Error rate balance reports patterns that the model is detecting and missing. It increases understanding of why the model is making classification errors by examining members and groups who are most likely to receive an incorrect prediction. For example, a model predicting chronic disease occurrence may be less accurate for members with specific conditions, for members of certain races or ethnicities or who live in certain geographies or see certain providers. Researchers can then investigate where the machine learning pipeline can be improved and, in the context of a chronic disease occurrence prediction task, may decide to optimize to reduce false negative rates over false positive rates. Potential strategies are to adjust upsampling or downsampling rates in the training data or generate different models for different subpopulations. In addition to data-based solutions, reviewing errors with a diverse set of stakeholders who can provide context from lived experience about why specific types of errors are observed and what impact they have can reduce unintentional harm that could be caused when different types of errors are made.
When bias is identified, it is important for stakeholders to have transparent discussions about whether and how the biases are problematic, and the potential gaps in data or other aspects of model development that could have led to the bias. Stakeholders should strategize about different modeling approaches that could reduce bias, including redefining the target outcome; experimenting with sampling methods, data augmentation, or restriction; and model class selection.
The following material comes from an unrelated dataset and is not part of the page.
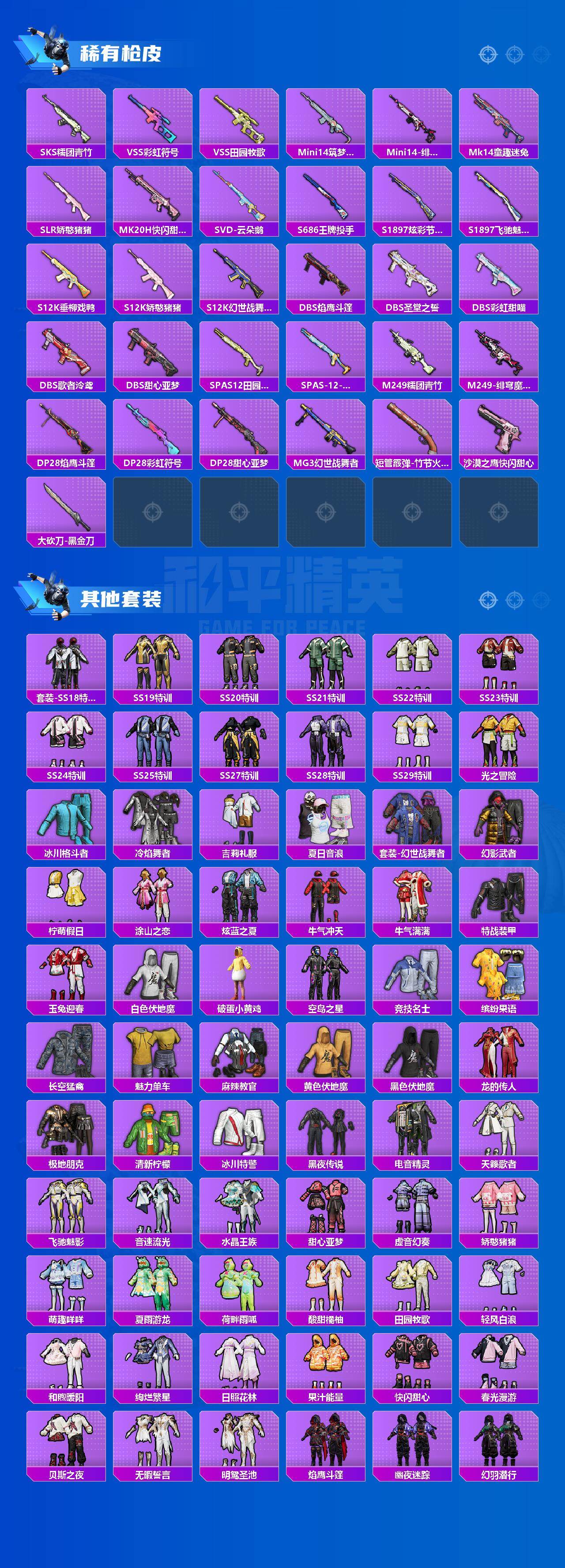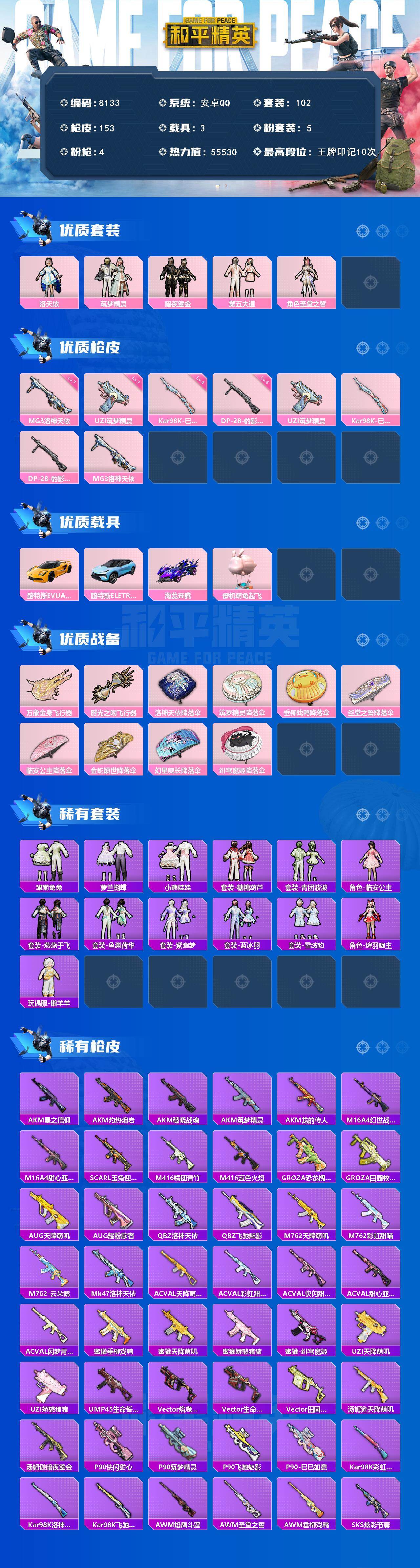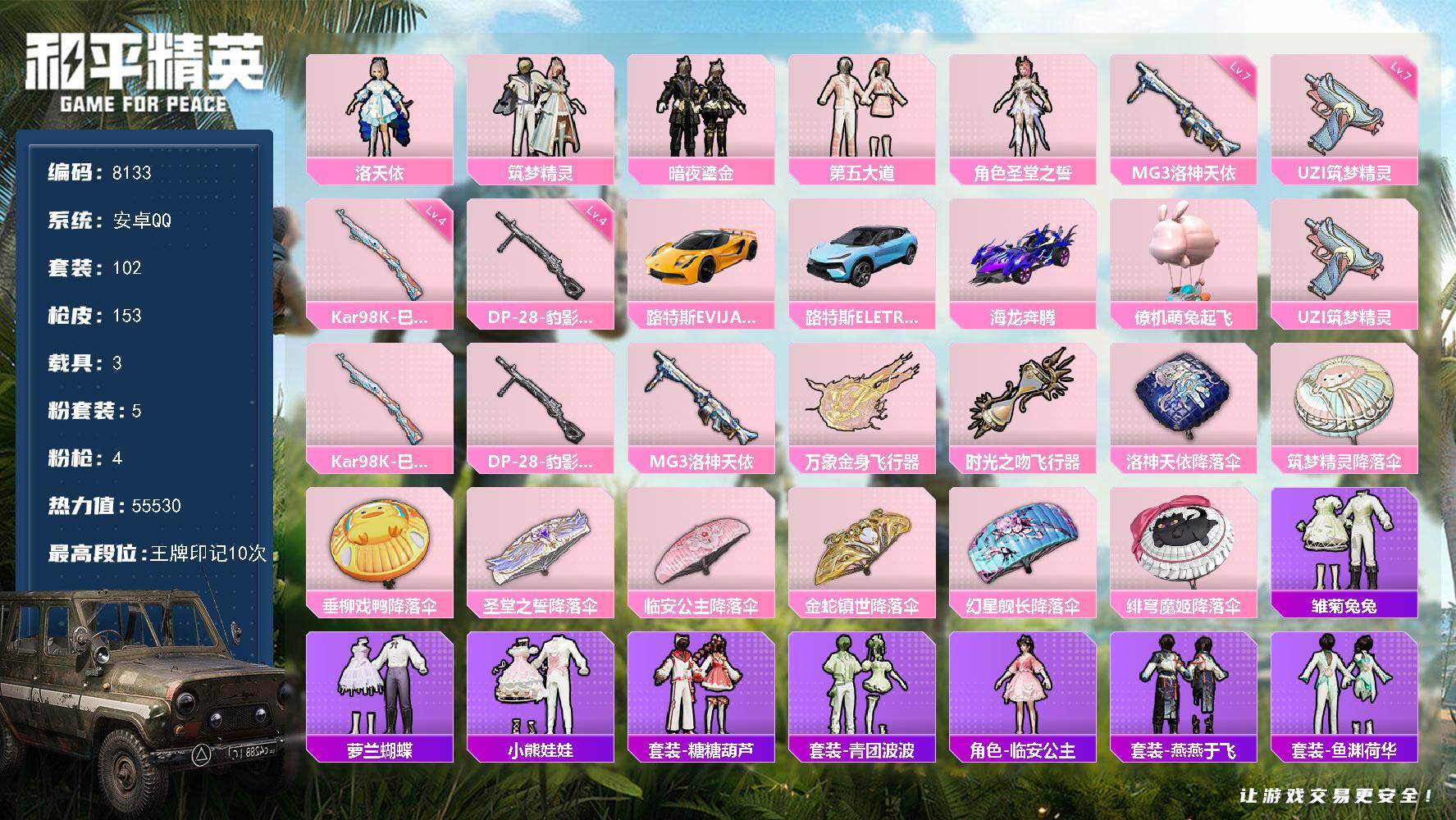 【8133】5粉装-4特效枪-3载具-2粉色飞行器-55530热力值-10王牌印记-102套装-153枪皮
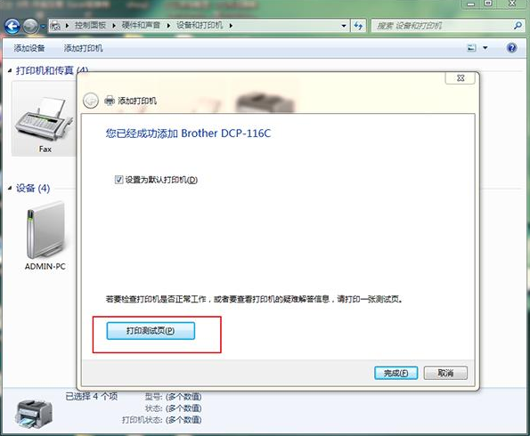 7.電腦會自動進行安裝打印機,最后提示添加完成,大家可以通過打印測試頁進行測試打印機是否正常安裝。

In some instances, solutions may lead to models that have poorer fit but that may be fairer, in which case stakeholders need to adhere to ethical principles in balancing model performance, business needs, and health equity.
Addressing Bias In Machine Learning As An Industry
Health insurers share several challenges in assessing and reducing bias that could be addressed collaboratively.
Health insurers share several challenges in assessing and reducing bias that could be addressed collaboratively as an industry. While these themes are not exhaustive, we believe that they represent primary areas where the field of fair machine learning has the potential to make major advances in the coming months and years.
Industry Vigilance
Algorithmovigilance refers to scientific methods and activities relating to the evaluation, monitoring, understanding, and prevention of adverse effects of algorithms in health care.40 Calls for the health care industry, including health insurers, to monitor and evaluate machine learning models for bias have been increasing from several sectors. In January 2021 Pennsylvania’s new Interagency Health Reform Council recommended that payers and providers review and revise their predictive analytics and algorithms to remove bias.41 The National Committee for Quality Assurance (NCQA) and AHRQ also have taken an interest in the impact of health care algorithms on racial disparities in health and health care. For example, the NCQA is incorporating evaluation of racial bias into accreditation standards.42 In addition, legislation introduced in the House and Senate in 2019—the Algorithmic Accountability Act—would have required certain commercial entities to conduct assessments of high-risk systems that involve personal information or make automated decisions, such as machine learning. This attention to bias in health care algorithms has led to the development of and renewed attention to guidelines, best practices, and analytics tools related to the evaluation and use of algorithms in predictive analytics.43 These tools have the potential to inform and unify the entire payer space to combat bias and enable health insurers to more effectively provide high-quality, equitable care and services to members. Ultimately, these tools will require testing at scale and constant and rigorous evaluation to ensure that they are having the intended positive impacts on member populations and that models tuned for fairness do not undergo “bias drift” over time or during business implementation.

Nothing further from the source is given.